Ein Dresdner Experte plädiert für Abriss der Mauer samt Arkaden und Bau eines Backsteingebäudes. Kritik gibt es am blauen Anbau, der einem „Selbstdarsteller“ gleichzusetzen sei.

Flensburg | Man muss schon eine Weile warten, bis sich an diesem sonnigen Vormittag jemand auf den I.C.Möller-Platz verirrt. Und dann ist es meist ein Besucher der Phänomenta; das Nordertor wird kaum beachtet. Das möchte der Verschönerungsverein ändern und das Wahrzeichen der Stadt in der Wahrnehmung von Einheimischen und Touristen aufwerten. Und das geht nach Überzeugung des Vorsitzenden Friedrich Schreiber nur, indem das Tor mittelfristig wieder freigestellt wird.

Das bedeutet, dass an der Ostseite die in den 80-er Jahren errichtete Mauer und vermutlich auch die umstrittenen Arkaden weg kommen. Das bedeutet aber auch, dass der vom Verein und vielen Flensburgern abgelehnte blaue Erweiterungsbau der Phänomenta, wenn nicht verschwindet, so doch um ein paar Meter zurück gebaut wird.

Dieses Ziel verfolgt der Verein seit langem. Dass er jetzt damit an die Öffentlichkeit geht, hat mit den aktuellen Planungen für die Neustadt im Umfeld der Walzenmühle zu tun. Man müsse das Nordertor nämlich auch von der Nordseite her betrachten, ist Schreiber überzeugt.
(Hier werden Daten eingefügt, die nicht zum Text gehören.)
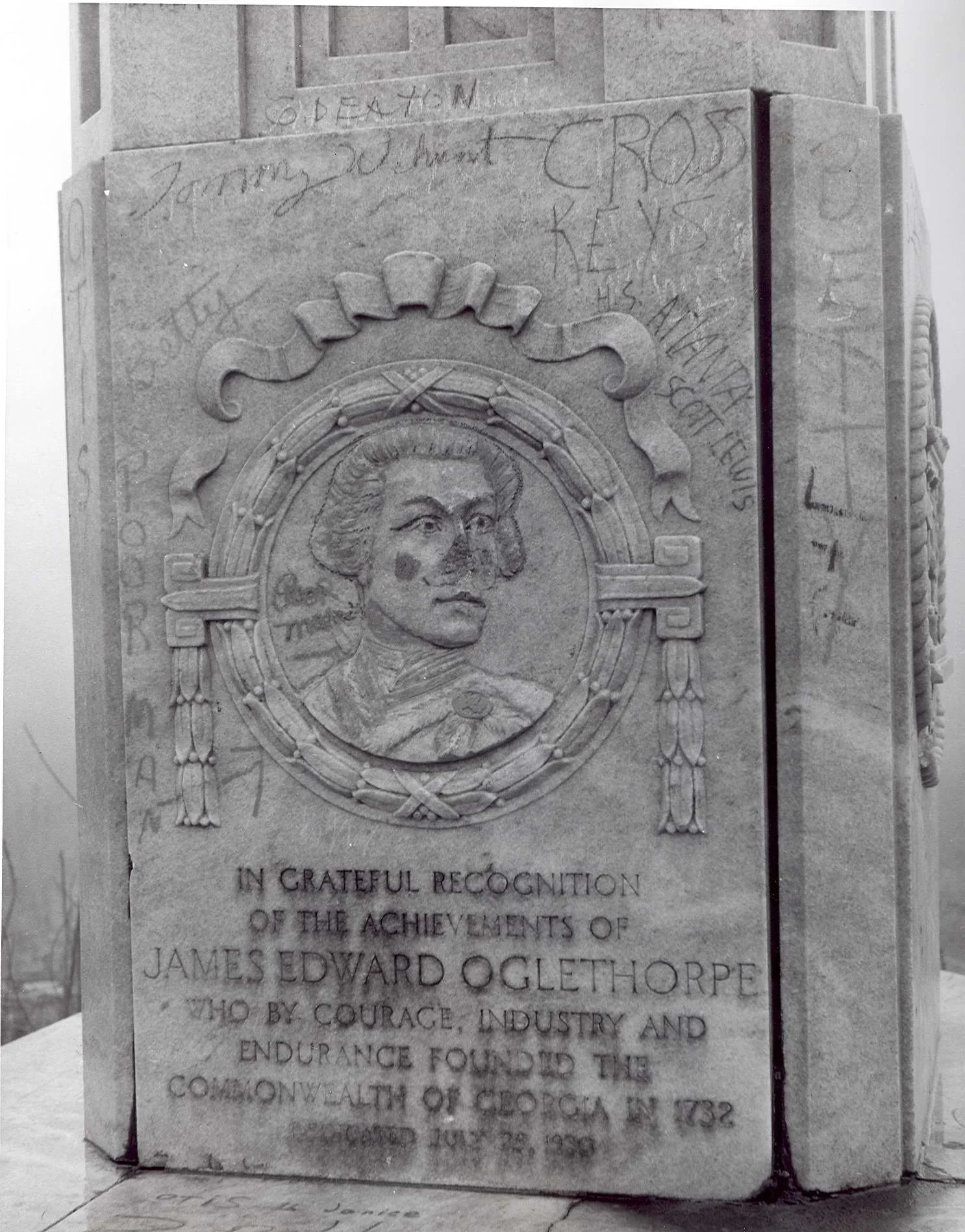Mounted black and white photograph of the memorial to General James Oglethorpe erected on Mount Oglethorpe, Georgia, 28th July 1930. Detail of the plinth. The memorial itself is a 38 ft high shaft of marble, given by Col Sam Tate, President of the Georgia Marble Company. Photograph by the Atlanta Journal and Constitution Magazine

Deshalb wünscht er sich, dass bei den Neustadt-Plänen der Platz rund um das Nordertor einbezogen wird. Und dass die Pläne für Neubauten – so auch das Projekt „Skolegaarden“ an der Ecke Duburger Straße / Gartenstraße – auf das Nordertor Rücksicht nehmen.
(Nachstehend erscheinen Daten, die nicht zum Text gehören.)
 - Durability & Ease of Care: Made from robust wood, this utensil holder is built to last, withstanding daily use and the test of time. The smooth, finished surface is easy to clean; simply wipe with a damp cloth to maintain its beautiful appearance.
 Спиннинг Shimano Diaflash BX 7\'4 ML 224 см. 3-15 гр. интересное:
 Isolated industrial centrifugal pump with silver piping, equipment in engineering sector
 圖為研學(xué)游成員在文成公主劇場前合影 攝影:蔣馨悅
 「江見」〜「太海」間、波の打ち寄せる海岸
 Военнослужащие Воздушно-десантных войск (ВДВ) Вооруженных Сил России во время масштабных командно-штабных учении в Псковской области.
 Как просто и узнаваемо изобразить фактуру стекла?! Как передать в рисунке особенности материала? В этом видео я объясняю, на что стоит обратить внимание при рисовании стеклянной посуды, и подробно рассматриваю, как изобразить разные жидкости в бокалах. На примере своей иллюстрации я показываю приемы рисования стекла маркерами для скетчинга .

Erstmals präsentiert der Verein jetzt auch die Expertise des Dresdner Professors Thomas Will, Experte für Denkmalpflege und Entwerfen an der Technischen Universität Dresden, der sich im Dezember rund um das Nordertor umgesehen hat. Auf fünf Seiten beschreibt und analysiert er die städtebauliche Situation und macht Vorschläge für eine weitere Entwicklung. Den blauen Anbau bezeichnet er als „ein um Aufmerksamkeit heischendes Gebilde, das am liebsten selbst Denkmal sein möchte.“ Er erkenne „eine architektonische Haltung, die sich gegenüber dem Bestand herablassend und auftrumpfend verhält.“ Das Haus wirke wie „Selbstdarsteller, gut gemeint, aber nicht gut gemacht“. Es dürfte keinen langfristigen Bestand haben, sei aber aber in den nächsten Jahren auch nicht wesentlich zu verändern. Deshalb, so Will, sollte die Stadt ihre Bemühungen auf den östlichen Teil des Platzes fokussieren. Der ursprünglich geplante zweite Bauabschnitt – ein weiterer großer Baukörper an der Ostseite des Nordertors, sei nicht geeignet, die Situation zu verbessern. Will legt der Stadt einen Beschluss nahe, das Nordertor langfristig wieder freizustellen. Die Freistellung, die Anfang des 20. Jahrhunderts erstmals umgesetzt wurde, sei inzwischen selbst historisch und mache in Flensburg wie auch in Lübeck beim Holstentor durchaus Sinn. Mauer und Arkaden müssten weg, stattdessen empfiehlt er einen Wettbewerb mit großer Bürgerbeteiligung und kann sich gut einen Backsteinbau in Anlehnung an das 1972 abgerissene Wohlfahrtsamt vorstellen.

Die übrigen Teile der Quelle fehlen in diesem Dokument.